BEGIN DATASET RECORDS

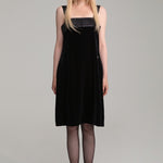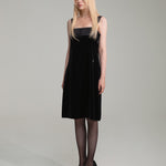 Satin pleats velvet dress with V logo
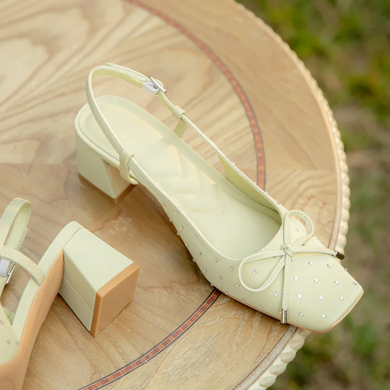 Source Factory Cross-border Custom Mary Jane Shoes Women's Thick Heel square Bow Back Super High Heel Summer High Top Sandals
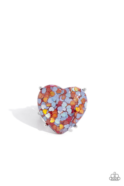 Encased within an exaggerated heart frame, dainty red and blue hearts with flecks of iridescence pattern into a kaleidoscope of color atop the finger on airy bands for a flirty finish. Features a stretchy band for a flexible fit. Due to its prismatic palette, color may vary.
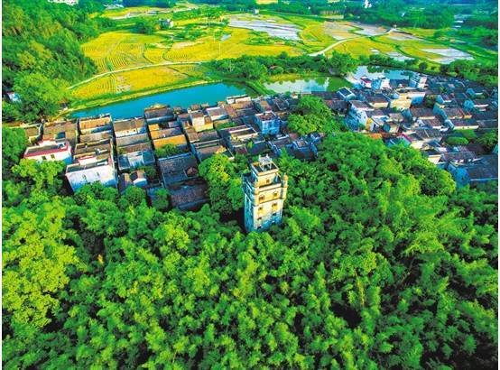 △开平碉楼绿树拥翠 黄锡球 摄
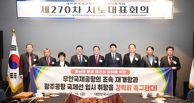 지난 14일 전주에서 열린 전국 자치구 의장 협의회에서 김 의장은 무안공항 조기 재개항과 광주공항 국제선 임시 운항 추진을 공식 제안했다.

END DATASET RECORDS

An exact copy of the records above is needed, with the pictures removed.

PROBLEM SOLUTION
 Satin pleats velvet dress with V logo
 Source Factory Cross-border Custom Mary Jane Shoes Women's Thick Heel square Bow Back Super High Heel Summer High Top Sandals
 Encased within an exaggerated heart frame, dainty red and blue hearts with flecks of iridescence pattern into a kaleidoscope of color atop the finger on airy bands for a flirty finish. Features a stretchy band for a flexible fit. Due to its prismatic palette, color may vary.
 △开平碉楼绿树拥翠 黄锡球 摄
 지난 14일 전주에서 열린 전국 자치구 의장 협의회에서 김 의장은 무안공항 조기 재개항과 광주공항 국제선 임시 운항 추진을 공식 제안했다.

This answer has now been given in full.